═════ Information provided
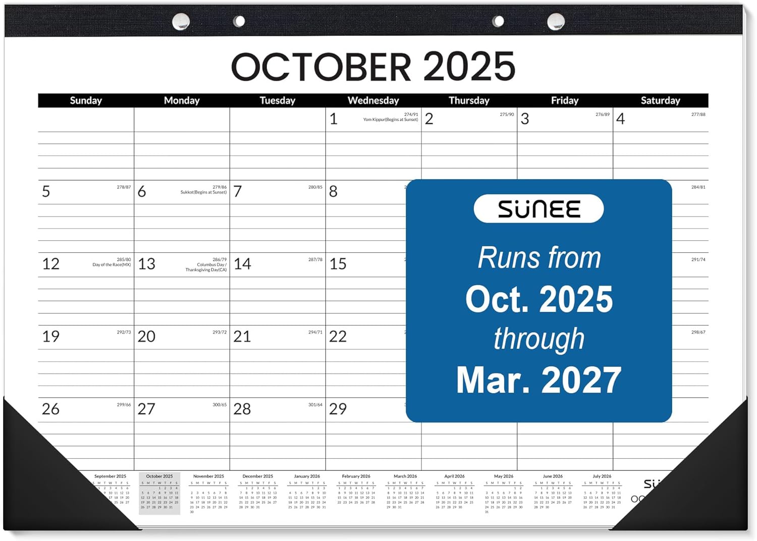 SUNEE Desk Calendar 2025-2026, 18 Months from Oct. 2025 to Mar. 2027, 17"x12" Academic 2026 Calendar for Home, School, or Office Desk Top Organizing, Black Monthy Calendar 2026
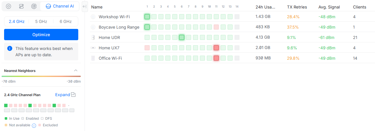 A: Not the ones I personally talk to. Given this is >7% utilisation of whatever channel I’m on, i didn’t care for the conversation. To ensure airtime fairness, i did limit all device bandwidth to >5/5Mb, as I assume most traffic is reporting back to cloud services for telemetry. Again, these 3 devices on the 2.4GHz band, there are 39 other devices on 2.4GHz without issues. Moving the probability of the issue back to bad firmware.
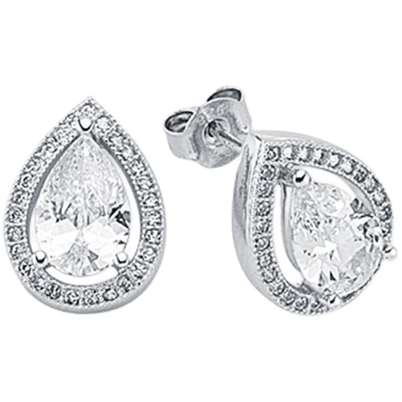- Stunning 925 Silver Cubic Zirconia Stud Earrings Pear Shape Halo.
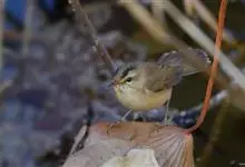 极北柳莺:体长11-13厘米,体小偏灰橄榄色,具明显的黄白色长眉纹,眼先及过眼纹近黑。上体概呈灰橄榄绿色;具甚浅的白色翼斑,大覆羽先端黄白色,形成一道翅上翼斑;中覆羽羽尖成第二道模糊的翼斑;下体白色…全部>>
══════════
• What is being asked
From the material above, copy everything exactly but the pictures.

• Task output
 SUNEE Desk Calendar 2025-2026, 18 Months from Oct. 2025 to Mar. 2027, 17"x12" Academic 2026 Calendar for Home, School, or Office Desk Top Organizing, Black Monthy Calendar 2026
 A: Not the ones I personally talk to. Given this is >7% utilisation of whatever channel I’m on, i didn’t care for the conversation. To ensure airtime fairness, i did limit all device bandwidth to >5/5Mb, as I assume most traffic is reporting back to cloud services for telemetry. Again, these 3 devices on the 2.4GHz band, there are 39 other devices on 2.4GHz without issues. Moving the probability of the issue back to bad firmware.
- Stunning 925 Silver Cubic Zirconia Stud Earrings Pear Shape Halo.
 极北柳莺:体长11-13厘米,体小偏灰橄榄色,具明显的黄白色长眉纹,眼先及过眼纹近黑。上体概呈灰橄榄绿色;具甚浅的白色翼斑,大覆羽先端黄白色,形成一道翅上翼斑;中覆羽羽尖成第二道模糊的翼斑;下体白色…全部>>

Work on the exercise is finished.